Reem Jaber1, Matthew Florence1, Nick Brilli1, Julie Paprocki1, Jack Popelka1 and Nina Stark2, (1)Virginia Polytechnic Institute and State University, Blacksburg, VA, United States, (2)Virginia Polytechnic Institute and State University, Blacksburg, United States
Abstract:
Geotechnical data were collected throughout During Nearshore Event Experiment (DUNEX) at the US Army Corps of Engineers Field Research Facility (USACE-FRF) in Duck, North Carolina in October 2019. On October 10, tropical storm Melissa developed over the Atlantic and resulted in energetic wave conditions, storm surge, and wave collision at the dune near the USACE-FRF. In addition to measurements of beach sand moisture content, flow conditions just above the bed, and geomorphodynamics collected by DUNEX collaborators, geotechnical measurements included pore pressure monitoring within the upper meter of the beach sand in multiple cross-shore locations, tests of in-situ sediment strength using different penetrometers and vane shear devices, and scour monitoring at one pier pile. Furthermore, high quality sediment samples suitable for testing moisture contents and bulk density were collected at multiple subsequent days during low tide and when the beach sediment surface was accessible.
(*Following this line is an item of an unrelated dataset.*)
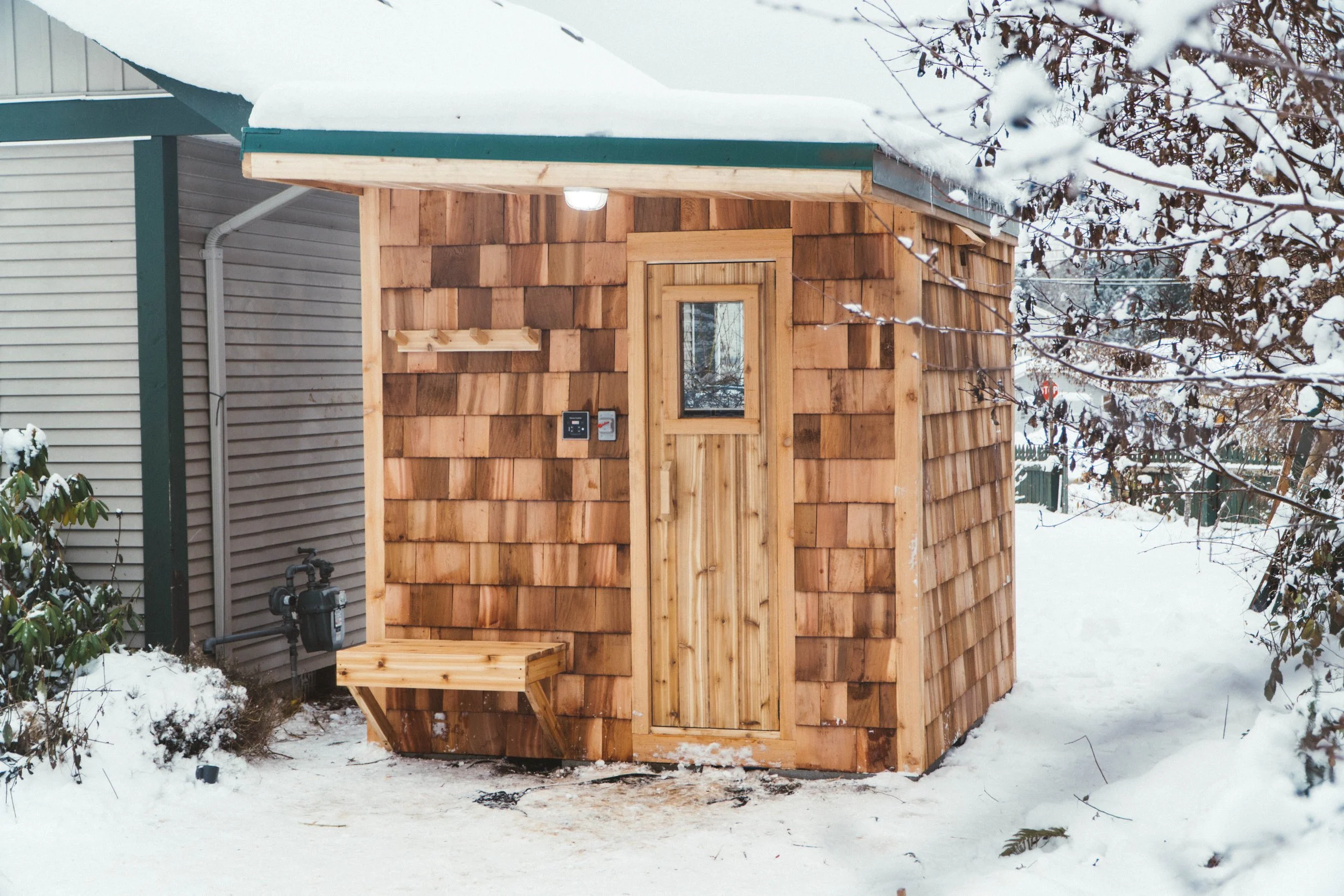 All of our saunas are made with locally milled Western Red Cedar unless otherwise requested. The cedar is select tight knot and kiln dried to minimize and cracking or warping that green lumber can experience. It also ensures our wood is dimensionally stable.

The sediment samples enabled further geotechnical characterization of the beach sediments in the laboratory. This dataset demonstrates the significant and rapid spatiotemporal variations in geotechnical parameters, including soil fabric, sediment strength, and pore pressure behavior, at a sandy beach during storm conditions. Another key aspect is that the dataset was collected in coordination with other multidisciplinary data collections in the framework of DUNEX which will provide a unique insight into the correlation of different processes. It is expected that the multidisciplinary approach has the potential to reveal new information on beach erodibility during storm events.